▶ [Dataset records]
:::
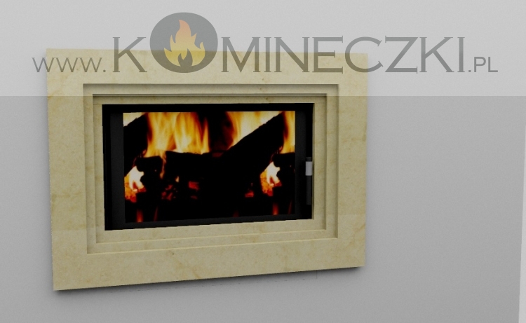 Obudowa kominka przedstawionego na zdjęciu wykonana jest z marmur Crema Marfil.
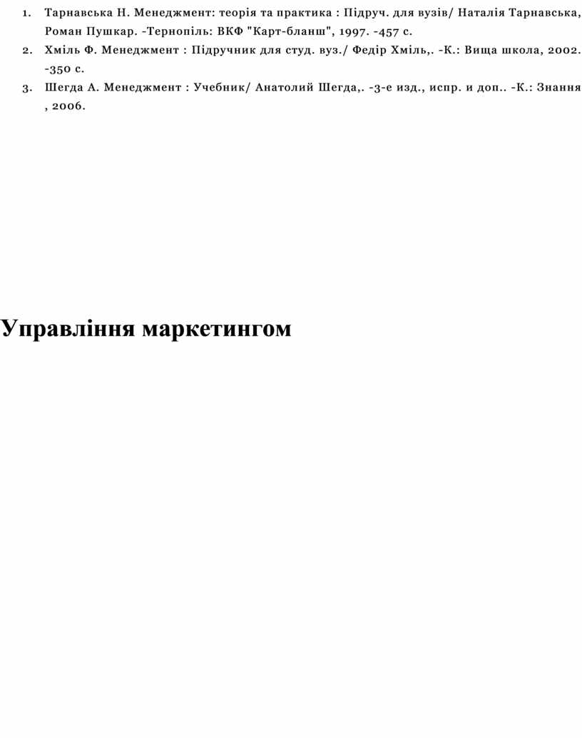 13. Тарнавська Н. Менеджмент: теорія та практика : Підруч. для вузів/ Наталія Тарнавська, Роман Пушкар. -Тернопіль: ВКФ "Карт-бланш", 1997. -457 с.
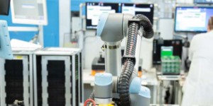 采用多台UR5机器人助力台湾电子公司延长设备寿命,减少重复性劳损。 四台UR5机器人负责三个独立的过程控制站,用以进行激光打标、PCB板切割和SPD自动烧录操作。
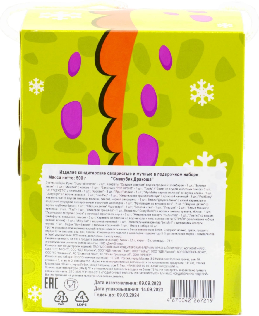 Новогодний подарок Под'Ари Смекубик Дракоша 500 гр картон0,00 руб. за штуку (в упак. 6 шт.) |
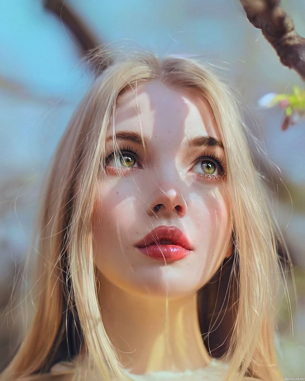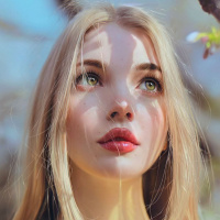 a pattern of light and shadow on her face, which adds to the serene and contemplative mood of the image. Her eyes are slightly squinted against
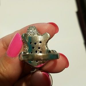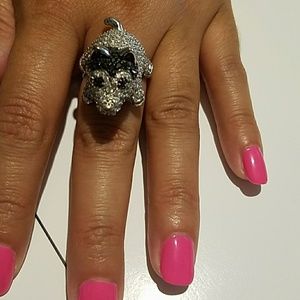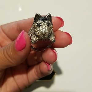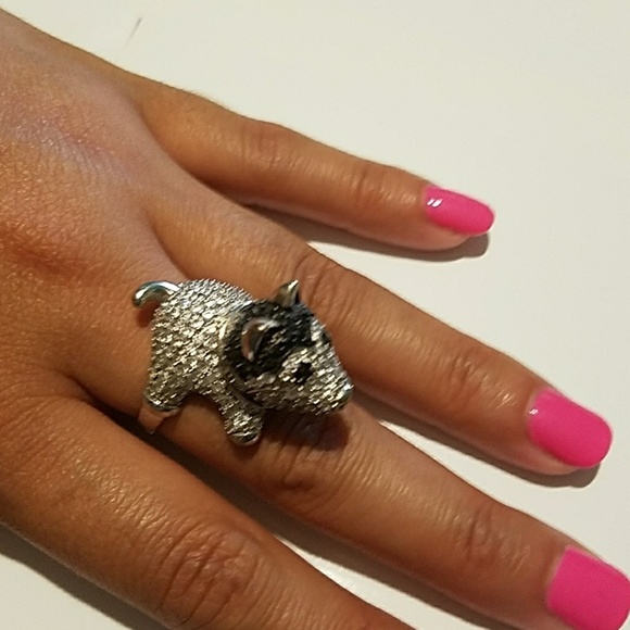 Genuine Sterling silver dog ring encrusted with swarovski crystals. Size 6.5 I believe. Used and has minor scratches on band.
:::
▶ [WHAT THE TASK REQUIRES]
Here the job is to print all the data exactly, skipping any image.

▶ [SOLVED EXERCISE]
 Obudowa kominka przedstawionego na zdjęciu wykonana jest z marmur Crema Marfil.
 13. Тарнавська Н. Менеджмент: теорія та практика : Підруч. для вузів/ Наталія Тарнавська, Роман Пушкар. -Тернопіль: ВКФ "Карт-бланш", 1997. -457 с.
 采用多台UR5机器人助力台湾电子公司延长设备寿命,减少重复性劳损。 四台UR5机器人负责三个独立的过程控制站,用以进行激光打标、PCB板切割和SPD自动烧录操作。
 Новогодний подарок Под'Ари Смекубик Дракоша 500 гр картон0,00 руб. за штуку (в упак. 6 шт.) |
 a pattern of light and shadow on her face, which adds to the serene and contemplative mood of the image. Her eyes are slightly squinted against
 Genuine Sterling silver dog ring encrusted with swarovski crystals. Size 6.5 I believe. Used and has minor scratches on band.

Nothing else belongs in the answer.